_Directions for this task:_
All lines from the one containing "Enkeltfoto fra album" to the end of the listing below should be output exactly; omit the pictures.
-- Information provided follows --
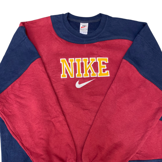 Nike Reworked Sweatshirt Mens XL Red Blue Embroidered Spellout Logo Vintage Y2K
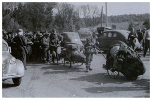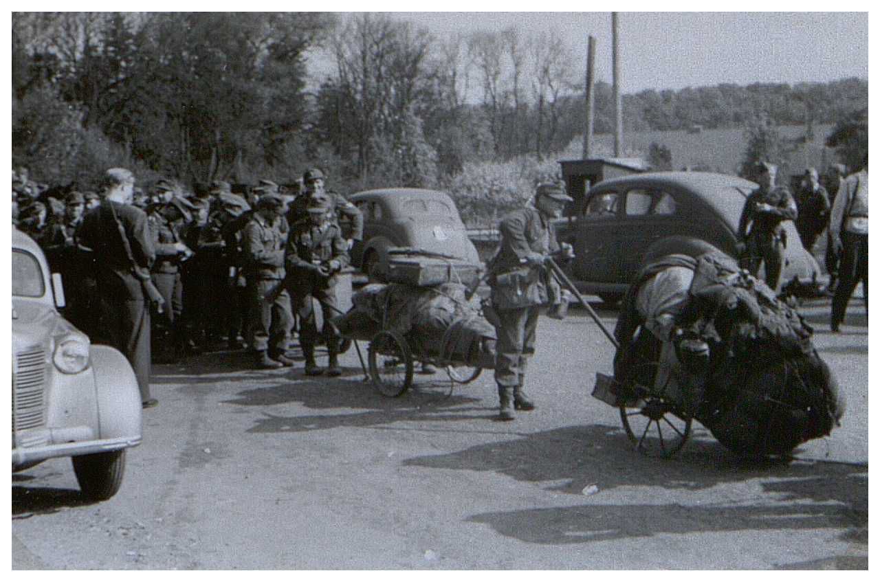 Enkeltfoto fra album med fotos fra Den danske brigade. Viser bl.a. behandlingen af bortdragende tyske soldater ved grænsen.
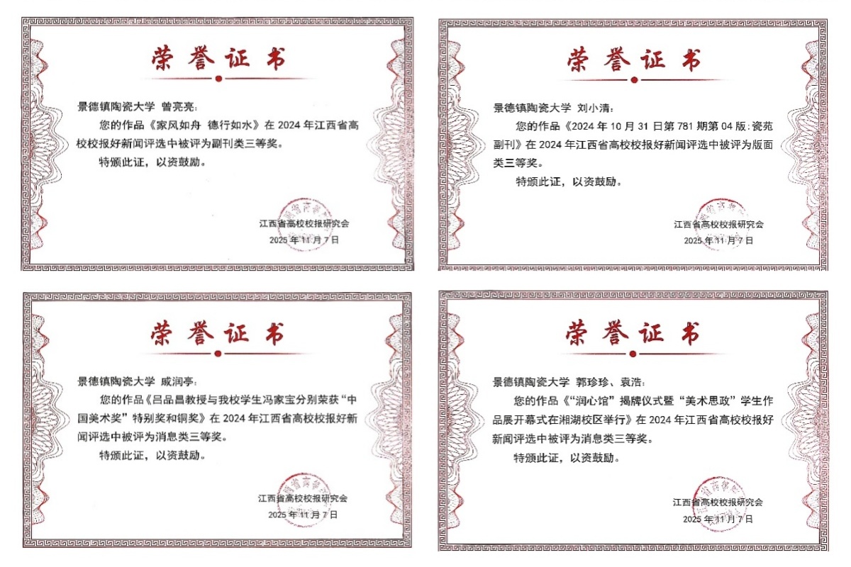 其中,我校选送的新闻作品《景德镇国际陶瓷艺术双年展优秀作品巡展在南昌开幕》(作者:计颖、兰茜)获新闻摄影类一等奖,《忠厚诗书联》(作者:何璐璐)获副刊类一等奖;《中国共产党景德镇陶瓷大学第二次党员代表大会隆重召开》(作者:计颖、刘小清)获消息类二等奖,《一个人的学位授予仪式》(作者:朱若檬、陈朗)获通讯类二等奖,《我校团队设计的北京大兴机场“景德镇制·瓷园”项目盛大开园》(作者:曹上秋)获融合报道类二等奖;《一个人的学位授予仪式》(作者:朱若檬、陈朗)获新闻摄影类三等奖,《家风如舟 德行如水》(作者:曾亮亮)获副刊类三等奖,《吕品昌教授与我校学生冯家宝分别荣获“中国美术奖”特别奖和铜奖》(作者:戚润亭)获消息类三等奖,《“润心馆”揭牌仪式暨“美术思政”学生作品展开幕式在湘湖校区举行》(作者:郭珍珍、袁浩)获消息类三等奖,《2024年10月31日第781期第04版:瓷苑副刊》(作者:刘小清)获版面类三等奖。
-- Information provided concluded --
_Exercise solution:_
 Enkeltfoto fra album med fotos fra Den danske brigade. Viser bl.a. behandlingen af bortdragende tyske soldater ved grænsen.
 其中,我校选送的新闻作品《景德镇国际陶瓷艺术双年展优秀作品巡展在南昌开幕》(作者:计颖、兰茜)获新闻摄影类一等奖,《忠厚诗书联》(作者:何璐璐)获副刊类一等奖;《中国共产党景德镇陶瓷大学第二次党员代表大会隆重召开》(作者:计颖、刘小清)获消息类二等奖,《一个人的学位授予仪式》(作者:朱若檬、陈朗)获通讯类二等奖,《我校团队设计的北京大兴机场“景德镇制·瓷园”项目盛大开园》(作者:曹上秋)获融合报道类二等奖;《一个人的学位授予仪式》(作者:朱若檬、陈朗)获新闻摄影类三等奖,《家风如舟 德行如水》(作者:曾亮亮)获副刊类三等奖,《吕品昌教授与我校学生冯家宝分别荣获“中国美术奖”特别奖和铜奖》(作者:戚润亭)获消息类三等奖,《“润心馆”揭牌仪式暨“美术思政”学生作品展开幕式在湘湖校区举行》(作者:郭珍珍、袁浩)获消息类三等奖,《2024年10月31日第781期第04版:瓷苑副刊》(作者:刘小清)获版面类三等奖。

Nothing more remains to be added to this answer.